Her cruelty was a casual thing for her.
He gestured frantically, shaking his head, his eyes pleading.
She watched him, unmoved.
Her face was cold, her decision made.
"You have one hour to tell me. Or they suffer."
He felt a familiar despair, a crushing helplessness.
His stutter, always worse under stress, choked him.
He could only make small, strangled sounds.
Vicky paced the room, her silk robe flowing around her.
"I loved you, Ethan. I plucked you from obscurity. I gave you everything."
Her voice was low, almost a hiss.
"And this is how you repay me? By hurting Julian? By defying me?"
She believed her own narrative. That she was the benevolent savior.
That her control was a form of love.
"You belong to me, Ethan. You will not leave me. You will not disobey me."
The hour passed in silence, broken only by Vicky's furious muttering and Ethan's ragged breaths.
He had no information to give.
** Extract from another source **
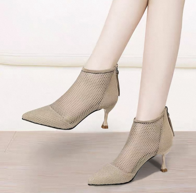 細跟網狀踝靴1. 鏤空網紗尖頭短靴也太仙了!黑/杏兩色超百搭,細跟顯腿長還透氣,春夏穿剛剛好🥾 2. 網紗鏤空高跟短靴來了!尖頭設計拉長腿線,透氣網面不悶腳,日常搭褲裝裙裝都超有范~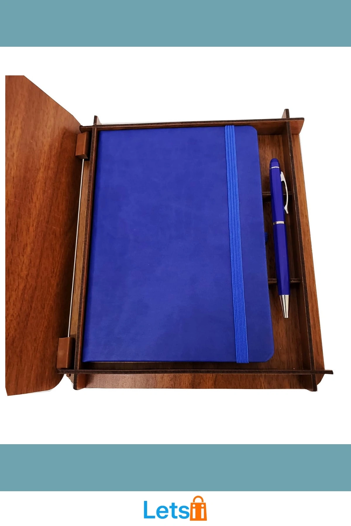 Ahşap Kutulu Termo Deri Defter ve Metal Kalem Seti

Julian's disappearance was a mystery to him.
The phone rang. Vicky snatched it up.
Her expression changed as she listened.
A slow, cruel smile spread across her face.
She hung up.
"It's done," she said, her voice dripping with satisfaction.
"The foreclosure papers are filed. They'll be serving your grandparents notice any minute."
Ethan stared at her, his blood running cold.
"N-no..."
"Oh, yes. But that's not all."
She walked to a large screen on the wall. It flickered to life.
A live video feed. His grandparents' small farmhouse.
Two grim-faced men were knocking on the door.
His grandfather, frail and confused, opened it.
His grandmother stood behind him, her hand to her mouth.
The men handed them papers.
Then, a bulldozer rumbled into view.
It moved towards the old, weather-beaten barn, the heart of their small farm.
"V-Vicky... p-please... st-stop..."
She laughed. "Stop? Why would I stop, Ethan? You brought this on them."
The bulldozer's engine roared.
It crashed into the side of the barn. Wood splintered. The structure groaned.
His grandmother screamed, a thin, terrified sound that Ethan felt in his bones.
She clutched her chest and collapsed.
His grandfather rushed to her side, his face a mask of terror.
The video feed cut out.
Vicky turned to him, her eyes gleaming.
"Dead, I imagine. A heart attack. So tragic. All your fault, Ethan."
He sank to his knees, a silent scream trapped in his chest.
His world shattered.
The pain was a physical thing, tearing through him.
Grandma... gone. Grandpa... alone, losing everything.
Because of him. Because of Vicky.
A cold rage, something he'd never felt before, began to smolder in the ashes of his despair.
Revenge.
The word formed in his mind, clear and sharp.
He would make her pay. He would make them all pay.
He looked up at Vicky, his face unreadable.
The stutter was gone, locked away with his grief.
He needed a weapon. Not a physical one. Something more insidious.
Something that would destroy her world as she had destroyed his.
He thought of Marc. His friend. His only ally.
Marc would help. Marc always helped.
He was a ghost in the Vanderbilt mansion for the next few days.
Vicky, believing she had broken him completely, left him alone.
Then, Julian Astor was "found."
In a seedy motel, claiming amnesia and trauma.
Vicky paraded him back to the mansion, fussing over him like a prized pet.
Ethan watched them from the shadows.
Vicky called Ethan to the main drawing-room.
Julian was lounging on a sofa, looking pale and interesting. Vicky was by his side, stroking his hand.
"Ethan," Vicky said, her voice like chips of ice. "Julian is back. He was terribly mistreated. You will apologize to him."
Apologize? For what? For Julian's own schemes?
Ethan stared at Julian. The man met his gaze with a faint, triumphant smirk.
The humiliation was a fresh wound.
He shook his head slowly.
"N-no."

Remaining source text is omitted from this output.